Nesse cenário, explica ela, grupos que pensam diferente se encaram como inimigos perigosos, ignorando a diversidade de pensamento e comportamento que é inerente aos seres humanos. “A diversidade humana é a regra, jamais a exceção”, frisa.

É aí que começam os problemas de convivência e a intolerância se materializa. E é cada vez mais comum que essa falta de concordância exploda no ambiente virtual, com discursos de ódio, ataques e até ameaças de morte. “O problema não é a internet.
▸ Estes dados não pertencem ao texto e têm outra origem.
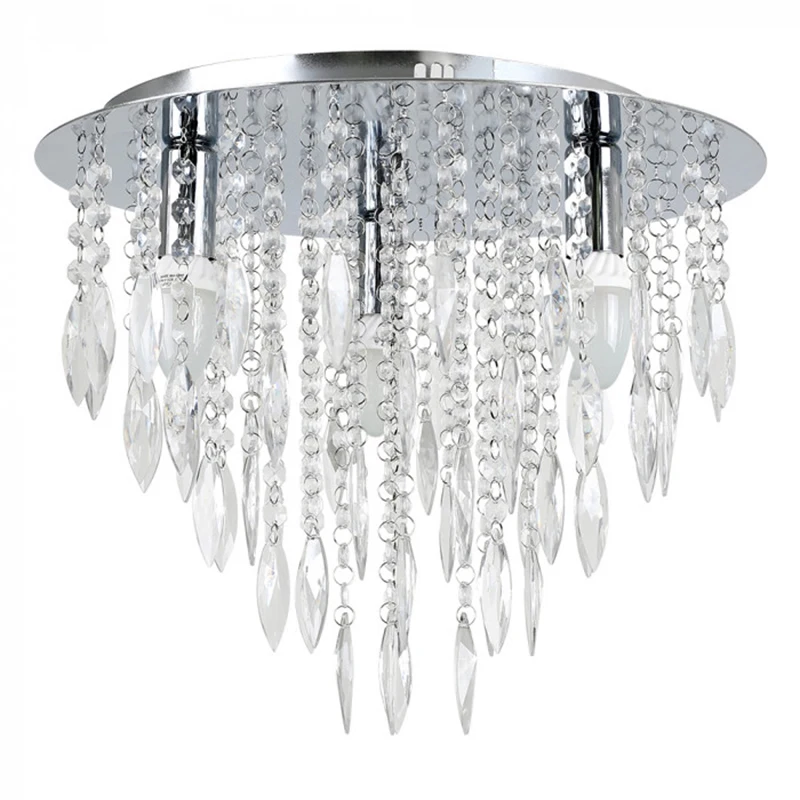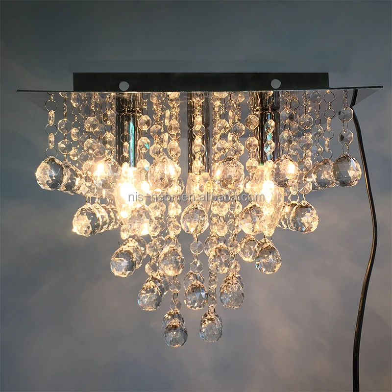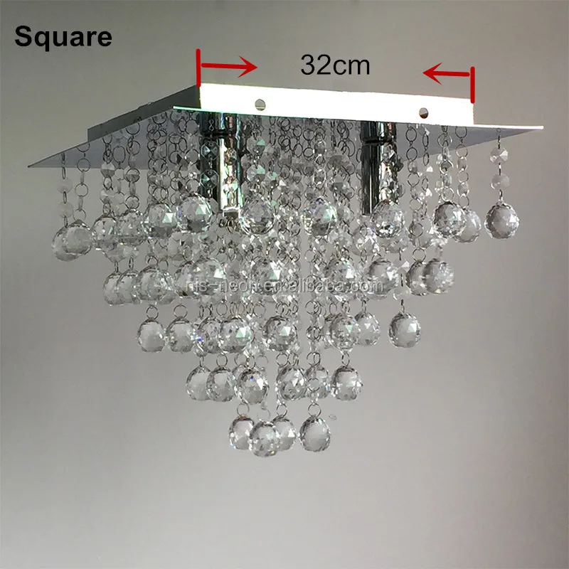 Square Modern Chrome Ceiling Lights Flush Fitting Crystal Droplet Chandelier

A questão é para que fins esses meios se prestam”, pondera Schritzmeyer, pontuando que a intolerância não seria menor sem a presença das redes. “Nos anos 1930 e 1940, não havia internet, e o nazismo e o fascismo se implantaram no mundo”, lembra.

“Qualquer relação que estabelecemos com os outros é sempre baseada em elementos primitivos, no sentido de que estão presentes desde a antiguidade”, ressalta o psicólogo social Cláudio Anastácio de Paula. Ao longo da evolução humana, ele explica que sobreviveram os grupos que eram “desconfiados” por natureza e que precisavam identificar traços mínimos de que o outro não representava uma ameaça.
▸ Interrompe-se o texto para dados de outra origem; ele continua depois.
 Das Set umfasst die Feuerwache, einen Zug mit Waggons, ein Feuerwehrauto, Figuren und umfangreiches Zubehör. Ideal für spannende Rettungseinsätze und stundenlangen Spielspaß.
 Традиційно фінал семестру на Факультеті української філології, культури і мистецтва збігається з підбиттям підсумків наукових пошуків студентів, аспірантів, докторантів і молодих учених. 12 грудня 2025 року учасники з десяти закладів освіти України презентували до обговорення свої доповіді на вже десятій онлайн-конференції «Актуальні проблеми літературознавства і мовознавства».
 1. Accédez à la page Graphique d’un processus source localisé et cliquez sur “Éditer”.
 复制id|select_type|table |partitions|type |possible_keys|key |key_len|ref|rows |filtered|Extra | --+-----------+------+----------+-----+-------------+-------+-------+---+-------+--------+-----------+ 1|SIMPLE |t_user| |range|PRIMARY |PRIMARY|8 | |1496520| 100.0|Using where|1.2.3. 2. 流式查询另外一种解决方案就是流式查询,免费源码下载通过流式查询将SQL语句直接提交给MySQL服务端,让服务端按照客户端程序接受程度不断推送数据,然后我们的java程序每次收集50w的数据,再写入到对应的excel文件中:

Nos dias atuais, o mesmo mecanismo para identificar o inimigo acaba sendo uma das raízes da intolerância política. “A pessoa sinaliza qualquer gesto, e, por mais que seja imperceptível, temos um mecanismo de identificar o opositor”, explica.

É por isso que, na avaliação do especialista, as pessoas não conseguem manter um diálogo saudável. “A pessoa fala 15 coisas nas quais concorda comigo, mas aí tem um ponto diferente. O que eu escolho para comentar? Justamente esse ponto”, completa.

 

Reflexo

Além do impacto social, com a falta de coesão dos grupos, é preciso observar como a intolerância política se reflete no indivíduo. “Se for algo ligado ao discurso hegemônico, que hoje é o do bolsonarismo, a pessoa (vítima) ainda tem um conforto grande por haver uma estrutura que dá suporte”, explica Anastácio, referindo-se ao grupo cada vez maior de pessoas que não aprovam a conduta do presidente.
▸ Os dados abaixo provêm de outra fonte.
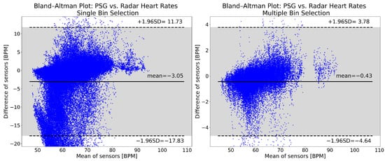 The Bland–Altman plots for the heart rates computed with single and multiple bin selection are shown in Figure 9. Multiple bin selection (right panel) has a mean of −0.43 BPM, while single bin selection (left panel) has a mean of −3.05 BPM. The single bin selection 95% confidence interval is more than three times as wide ([−17.83, 11.73] vs. [−4.64, 3.78]). For single bin selection, 7.26% of the points are below the lower limit of the confidence interval, and 0.24% are above the upper limit. For multiple bin selection, these values are 1.68% and 0.40%. Both approaches have an overall negative bias and show a similar trend: with an increasing heart rate, the radar goes from underestimating to overestimating the reference rate. However, the distribution of the plots is noticeably different, especially with single bin selection having more values underestimating the reference rate.
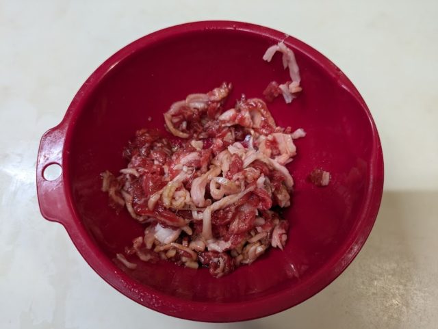 3. ボウルにB.の材料を入れて混ぜ、細かく切った牛肉を漬け込む
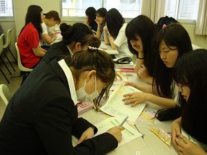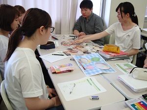 グループに分かれて先輩から説明をうけ、食事バランスガイドに基づき自分の食事内容(朝食と昼食)を記入します。
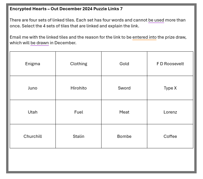 Please email me with the completed 4 sets of 4 linked words and why they are linked, to be entered into the prize draw, to be drawn in December. Enjoy!
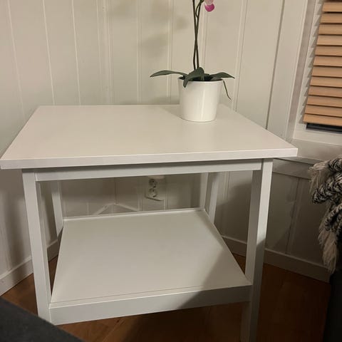 To små hvite, praktiske bord. Robuste og solide. Bena kan enkelt skrus av og settes på. 50 kr for hver, ved kjøp av begge samlet blir det totalt 80 kr.

O desconforto e a tristeza são inevitáveis, já que, segundo o especialista, parte da identidade do indivíduo é atacada. “São pessoas que encontraram nesse desenho social e político algo que sintoniza com os valores que construiu e aos quais foi apresentada desde jovem”, pontua. Já quando a pessoa não encontra respaldo, a sensação de abandono é inevitável, e aí começam a surgir reflexos na saúde. Doenças como ansiedade, fobia social e depressão são as mais comuns.